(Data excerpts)
==========

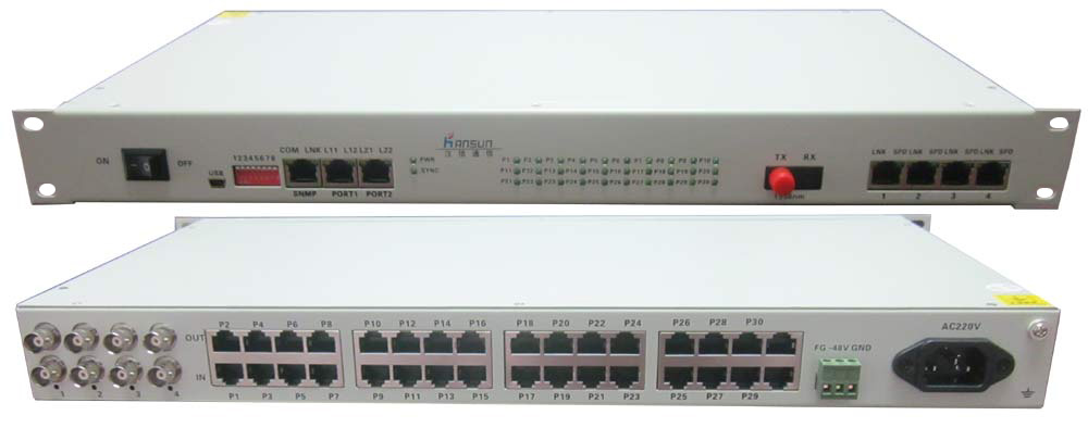 產(chǎn)品簡介 HS-OPTEL系列 30路電話光端機是在超大規(guī)模集成電路的基礎(chǔ)上開發(fā)的點對點光傳輸設(shè)備,它是以簡潔的形式實現(xiàn)了最多4條E1電路和1條100M線速以太網(wǎng)數(shù)據(jù)通道,加上30路電話 (FXO、FXS),加上1~2路RS232通道的語音光傳輸設(shè)備。具告警監(jiān)控功能完善,集成度高,功耗低,性能穩(wěn)定,使用方便。
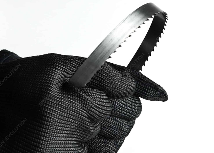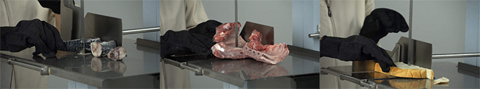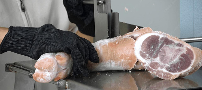 - Bước 4: Đeo găng tay, đặt miếng thịt/xương lên bàn cắt, sử dụng thanh đẩy để đưa miếng thịt/xương vào lưỡi cưa.
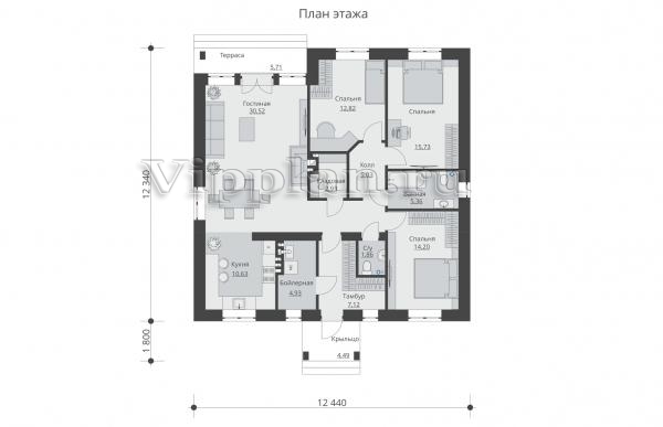 | Размеры дома: | 14.14м×12.44м |
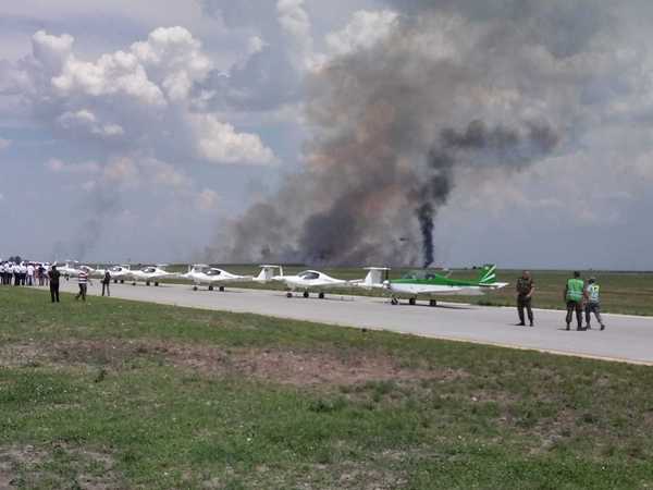 Истребитель рухнул в поле недалеко от базы и взорвался после удара об землю. На видео виден столб черного дыма на месте авиакатастрофы. На месте происшествия работают пожарные.
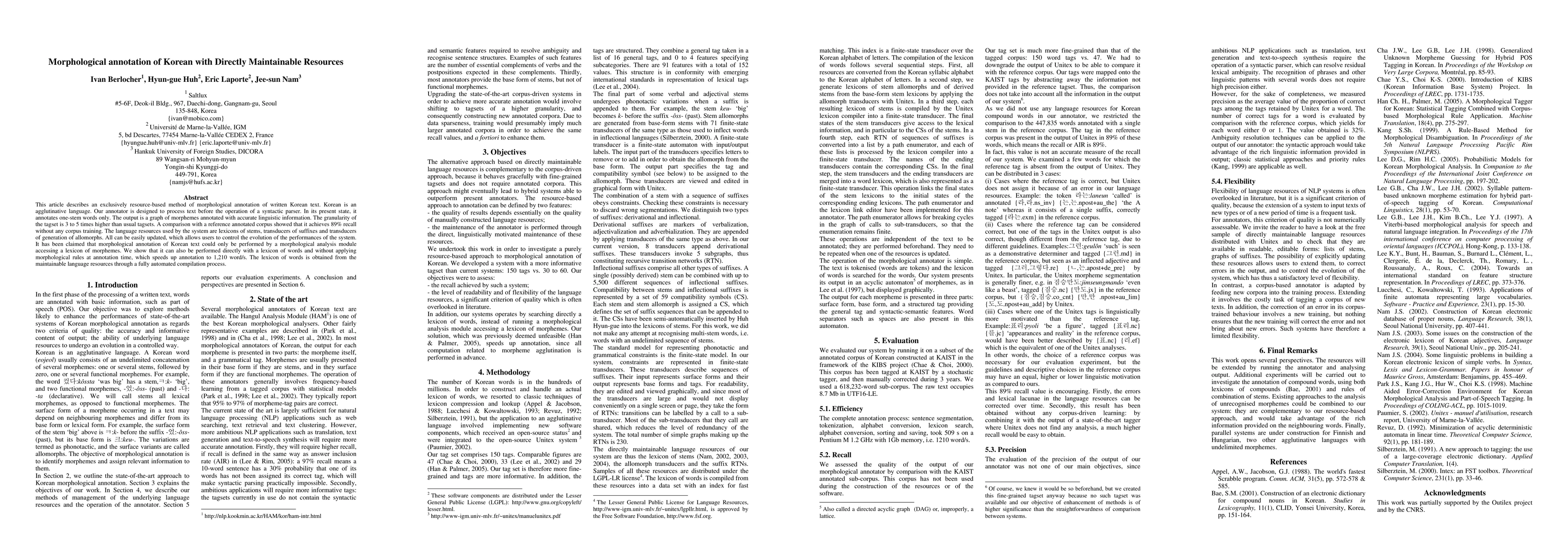 This paper presents a resource-based method for morphologically annotating Korean text using directly maintainable lexicons, achieving 89% recall without corpus training. The annotator processes one-stem words, producing a detailed graph of morphemes, and operates independently of syntactic parsing.
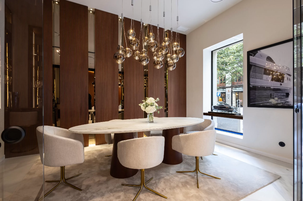 A boutique foi concebida como um ponto de encontro para clientes internacionais, especialmente investidores latino-americanos, e oferece uma experiência única: desde a exploração virtual dos iates com realidade aumentada até à personalização de cada detalhe de interiores e layout das embarcações.

==========

* _ACTIVITY_
From the first line to the last, retype the data exactly, but omit every image.

* _RESPONSE TO THIS EXERCISE_
 產(chǎn)品簡介 HS-OPTEL系列 30路電話光端機是在超大規(guī)模集成電路的基礎(chǔ)上開發(fā)的點對點光傳輸設(shè)備,它是以簡潔的形式實現(xiàn)了最多4條E1電路和1條100M線速以太網(wǎng)數(shù)據(jù)通道,加上30路電話 (FXO、FXS),加上1~2路RS232通道的語音光傳輸設(shè)備。具告警監(jiān)控功能完善,集成度高,功耗低,性能穩(wěn)定,使用方便。
 - Bước 4: Đeo găng tay, đặt miếng thịt/xương lên bàn cắt, sử dụng thanh đẩy để đưa miếng thịt/xương vào lưỡi cưa.
 | Размеры дома: | 14.14м×12.44м |
 Истребитель рухнул в поле недалеко от базы и взорвался после удара об землю. На видео виден столб черного дыма на месте авиакатастрофы. На месте происшествия работают пожарные.
 This paper presents a resource-based method for morphologically annotating Korean text using directly maintainable lexicons, achieving 89% recall without corpus training. The annotator processes one-stem words, producing a detailed graph of morphemes, and operates independently of syntactic parsing.
 A boutique foi concebida como um ponto de encontro para clientes internacionais, especialmente investidores latino-americanos, e oferece uma experiência única: desde a exploração virtual dos iates com realidade aumentada até à personalização de cada detalhe de interiores e layout das embarcações.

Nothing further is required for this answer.